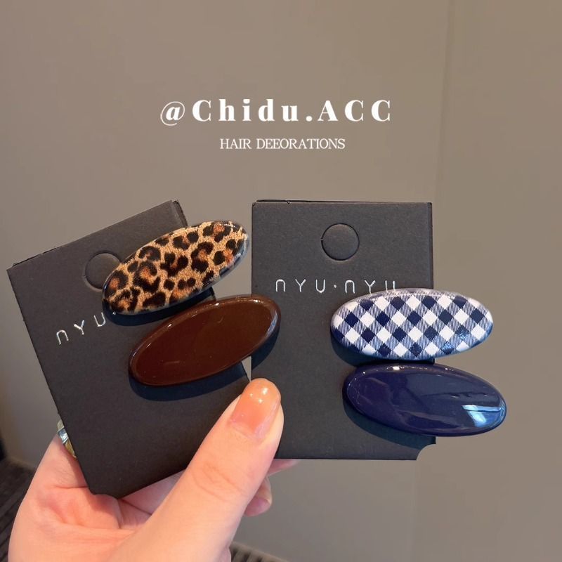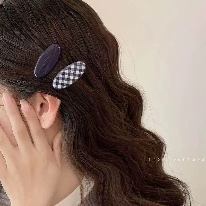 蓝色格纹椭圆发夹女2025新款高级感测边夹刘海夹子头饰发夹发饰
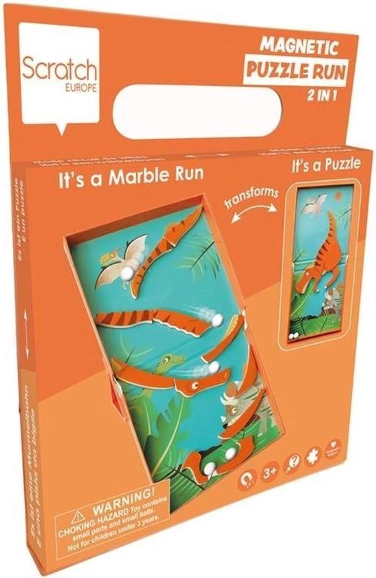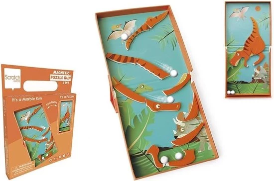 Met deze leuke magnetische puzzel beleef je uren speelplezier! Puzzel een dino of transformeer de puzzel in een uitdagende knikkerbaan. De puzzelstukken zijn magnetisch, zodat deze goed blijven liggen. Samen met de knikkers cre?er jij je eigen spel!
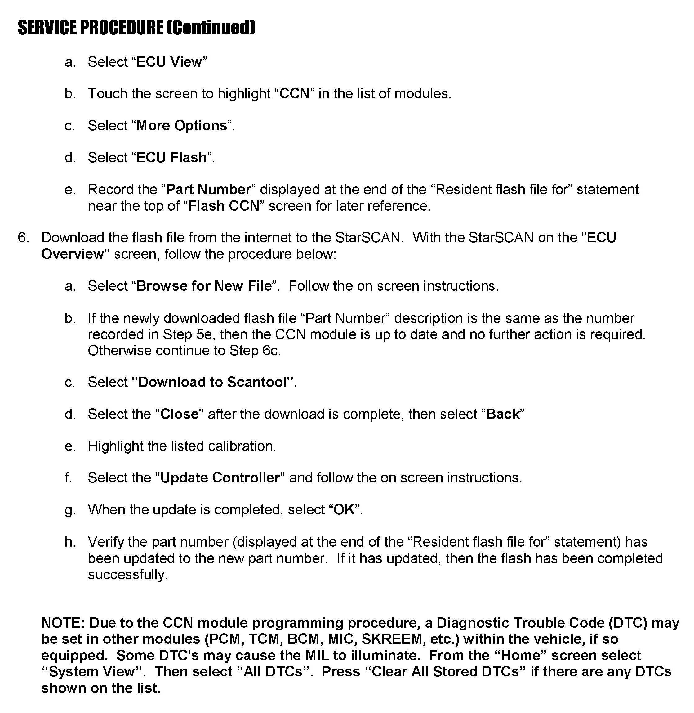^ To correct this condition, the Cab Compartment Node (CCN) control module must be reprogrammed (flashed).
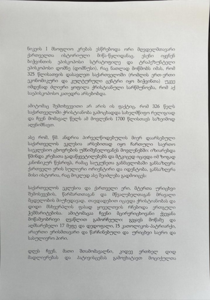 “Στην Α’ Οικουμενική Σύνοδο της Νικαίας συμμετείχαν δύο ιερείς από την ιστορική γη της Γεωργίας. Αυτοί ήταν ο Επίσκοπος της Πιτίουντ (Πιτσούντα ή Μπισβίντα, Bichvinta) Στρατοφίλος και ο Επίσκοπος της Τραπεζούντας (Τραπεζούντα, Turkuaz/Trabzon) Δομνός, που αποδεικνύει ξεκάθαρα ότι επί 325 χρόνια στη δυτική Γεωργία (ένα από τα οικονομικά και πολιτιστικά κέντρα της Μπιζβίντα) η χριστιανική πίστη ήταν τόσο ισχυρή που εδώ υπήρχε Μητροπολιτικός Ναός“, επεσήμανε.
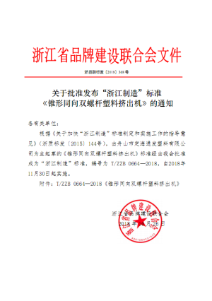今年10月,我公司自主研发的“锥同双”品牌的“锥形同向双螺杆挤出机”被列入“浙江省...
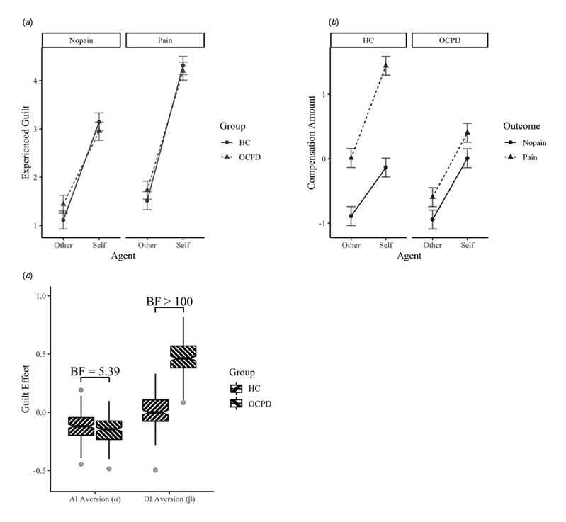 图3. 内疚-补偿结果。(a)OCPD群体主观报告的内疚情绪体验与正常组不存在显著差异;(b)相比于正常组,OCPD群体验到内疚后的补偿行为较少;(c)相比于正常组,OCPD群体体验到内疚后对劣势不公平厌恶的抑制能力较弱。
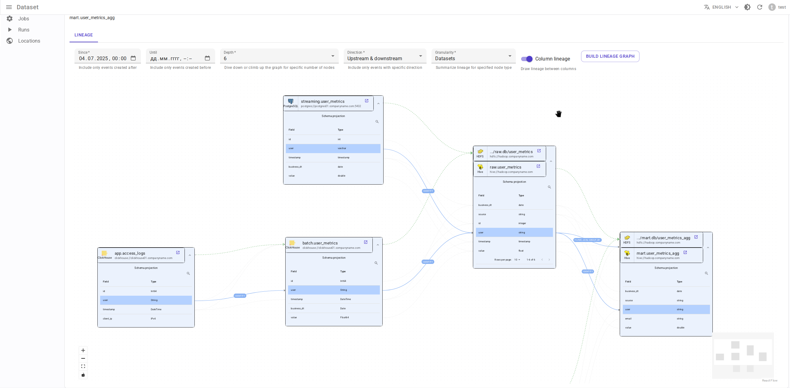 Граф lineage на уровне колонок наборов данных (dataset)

Task requirements
Could you repeat exactly the lines from the one containing "图3. 内疚-补偿结果。(a" through the last line of the records, both included, without the pictures?

Exercise response
 图3. 内疚-补偿结果。(a)OCPD群体主观报告的内疚情绪体验与正常组不存在显著差异;(b)相比于正常组,OCPD群体验到内疚后的补偿行为较少;(c)相比于正常组,OCPD群体体验到内疚后对劣势不公平厌恶的抑制能力较弱。
 Граф lineage на уровне колонок наборов данных (dataset)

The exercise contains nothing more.